The official maximum margin of error for an election poll with a simple random sample of 1000 people is 3.099%. Real life is more complicated.

In reality, not everyone is willing to talk to the nice researchers, so they either have to keep going until they get a representative-looking number of people in each group they are interested in, or take what they can get and reweight the data — if young people are under-represented, give each one more weight. Also, they can only get a simple random sample of telephones, so there are more complications in handling varying household sizes. And even once they have 1000 people, some of them will say “Dunno” or “The Conservatives? That’s the one with that nice Mr Key, isn’t it?”

After all this has shaken out it’s amazing the polls do as well as they do, and it would be unrealistic to hope that the pure mathematical elegance of the maximum margin of error held up exactly. Survey statisticians use the term “design effect” to describe how inefficient a sampling method is compared to ideal simple random sampling. If you have a design effect of 2, your sample of 1000 people is as good as an ideal simple random sample of 500 people.

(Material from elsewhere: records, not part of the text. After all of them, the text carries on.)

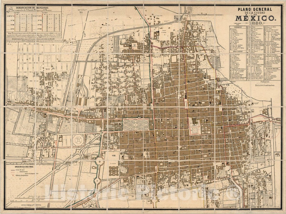 Map : Mexico City, Mexico 1880, Plano general de la Ciudad de Me?xico,1880. , Antique Vintage Reproduction
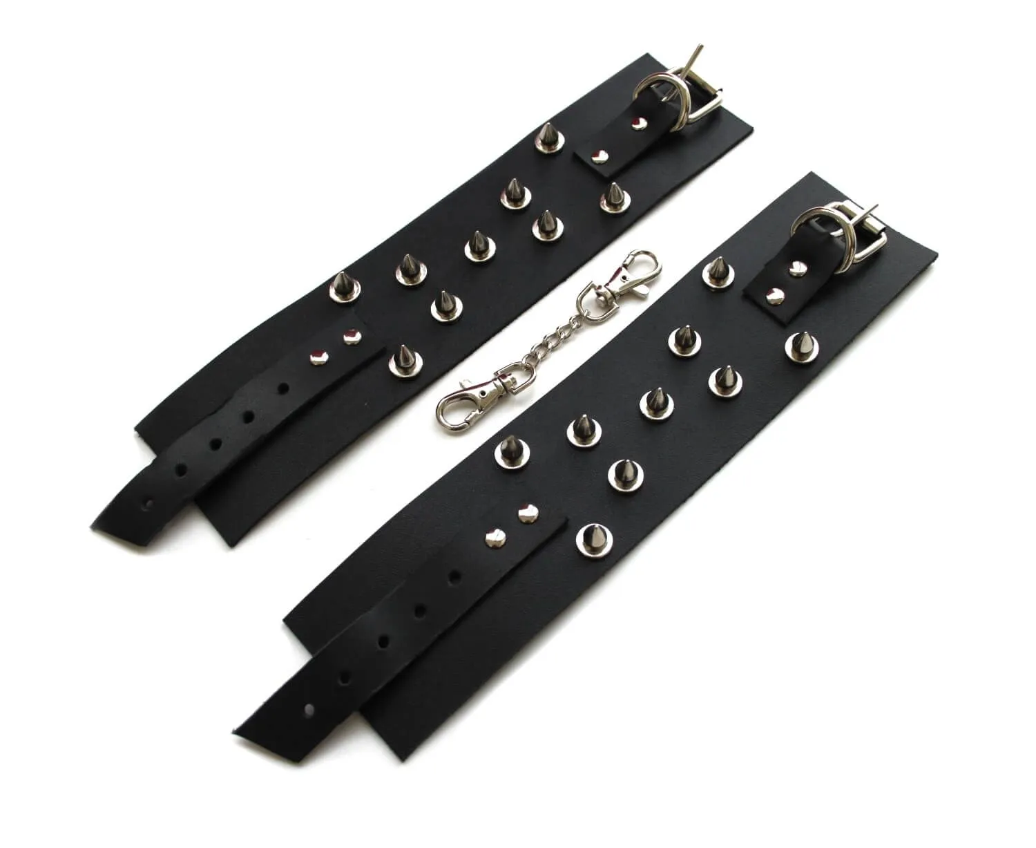 Поножи от бренда Pink Rabbit сделаны из натуральной кожи черного цвета и соединены между собой при помощи короткой цепи с карабинами. Они декорированы рядом металлических шипов, придающим им более дерзкий и агрессивный вид. Такой аксессуар позволит Вам обездвижить ноги своего партнера, лишив его возможности сопротивляться и препятствовать Вашим ласкам. Невозможность двигать ногами обострит все чувства партнера, делая его особенно чувствительным ко всем прикосновениям. Поножи разнообразят Ваши интимные игры и позволят испытать новые ощущения во время интимной близости.
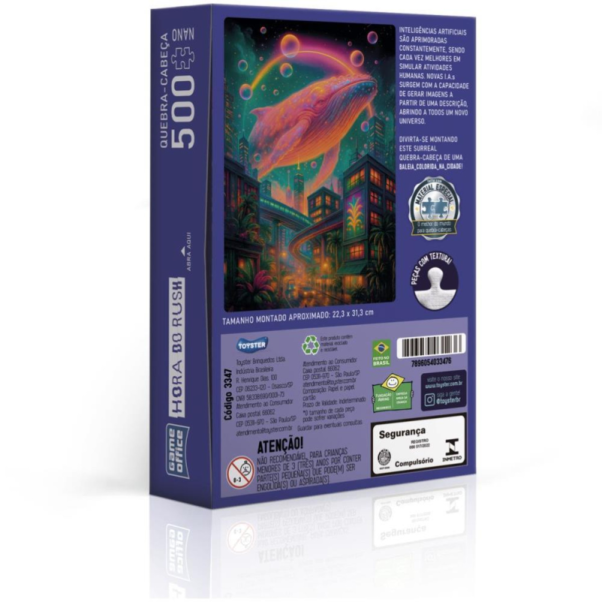 Divirta-se montando este impressionante quebra-cabeca de 500 pecas da Baleia pela cidade! Este quebra-cabeca vem com padrao internacional de qualidade e encaixe suave que pode ser sentido em cada peca!"
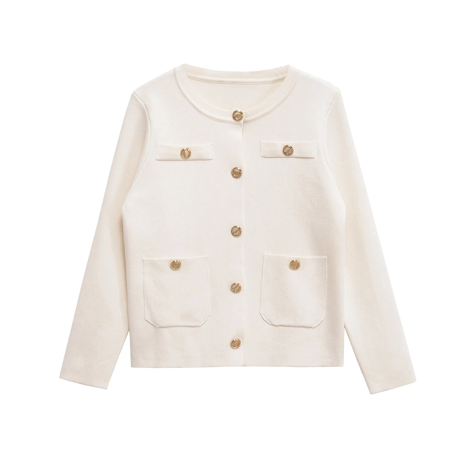 European and American style summer new products Women's clothing Simple round neck long sleeve versatile knitted jacket
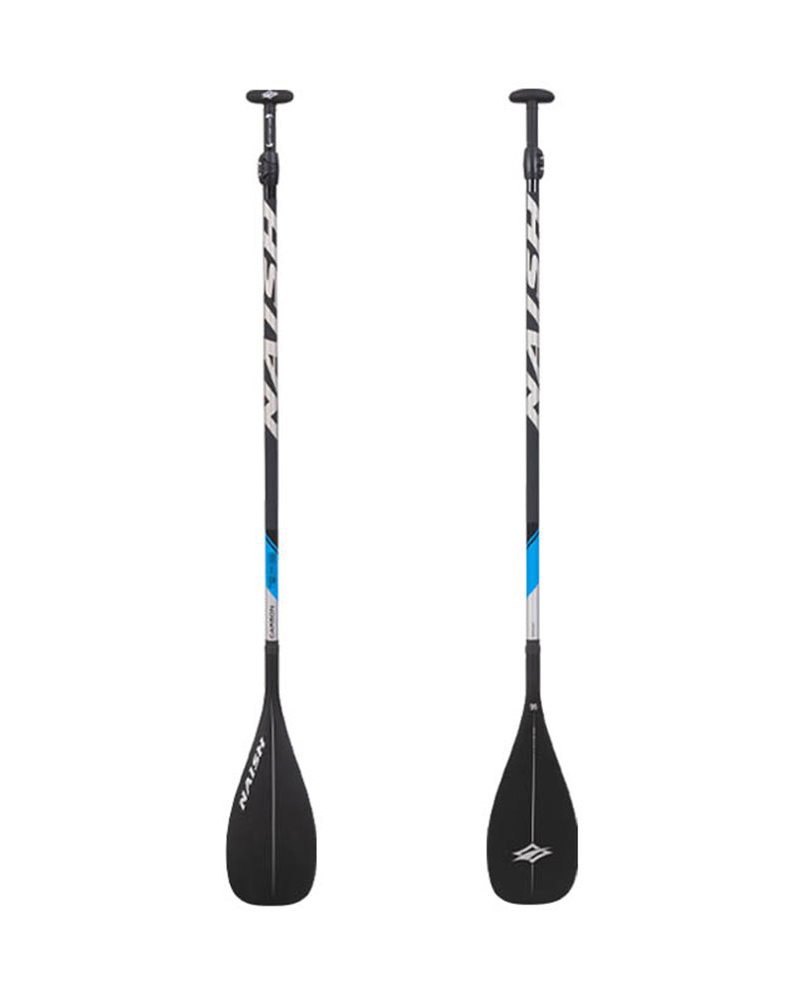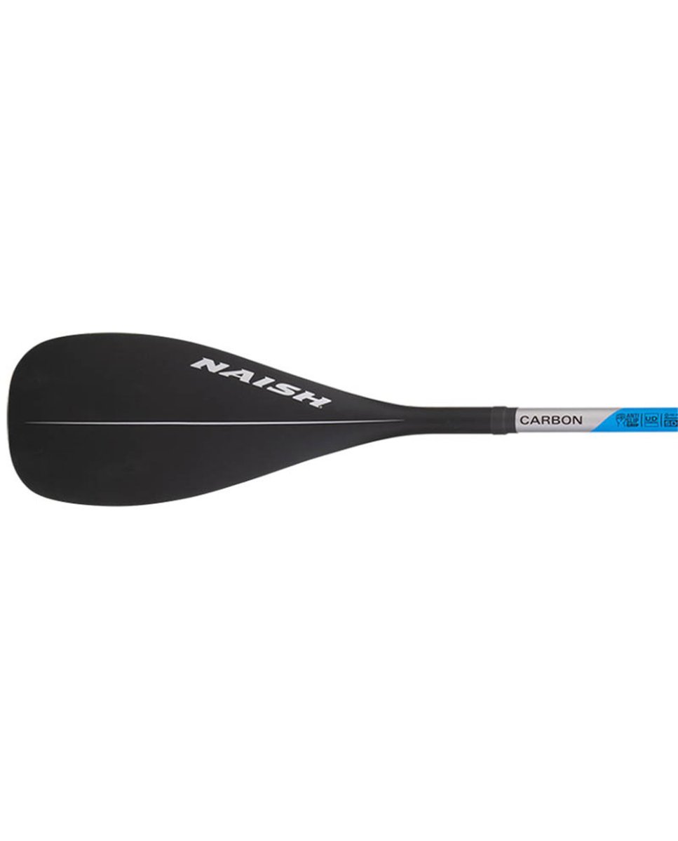 Remo Paddel Surf Naish Carbon Vario SDS S27, desmontable y en dos piezas, mástil de carbono con agarre de tracción en la zona inferior de la mano para evitar deslices, extensible para alturas de 170 a 210 cm con clip de ajuste fácil, sistema antigiro y cómodo de usar, fabricado con una varilla de carbono integrada que le proporciona una extrema ligereza y una excelente flexión, riel ABS para una mayor protección contra daños, eje reforzado con carbono UD Biax Glass duradero, pala de carbono con salva aguas integrado, mango en T estilo tahitiano con agarre de tracción.

We’d like to know the design effect for individual election polls, but it’s hard. There isn’t any mathematical formula for design effects under quota sampling, and while there *is* a mathematical estimate for design effects after reweighting it isn’t actually all that accurate. What we can do, thanks to Peter Green’s averaging code, is estimate the average design effect across multiple polls, by seeing how much the poll results really vary around the smooth trend. [Update: this is Wikipedia's graph, but I used Peter's code]

I did this for National because it’s easiest, and because their margin of error should be close to the maximum margin of error (since their vote is fairly close to 50%). The standard deviation of the residuals from the smooth trend curve is 2.1%, compared to 1.6% for a simple random sample of 1000 people. That would be a design effect of (2.1/1.6)^{2}, or 1.8. Based on the Fairfax/Ipsos numbers, about half of that could be due to dropping the undecided voters.

In principle, I could have overestimated the design effect this way because sharp changes in party preference would look like unusually large random errors. That’s not a big issue here: if you re-estimate using a standard deviation estimator that’s resistant to big errors (the median absolute deviation) you get a slightly larger design effect estimate. There may be sharp changes, but there aren’t all that many of them, so they don’t have a big impact.

If the perfect mathematical maximum-margin-of-error is about 3.1%, the added real-world variability turns that into about 4.2%, which isn’t that bad. This doesn’t take bias into account — if something strange is happening with undecided voters, the impact could be a lot bigger than sampling error.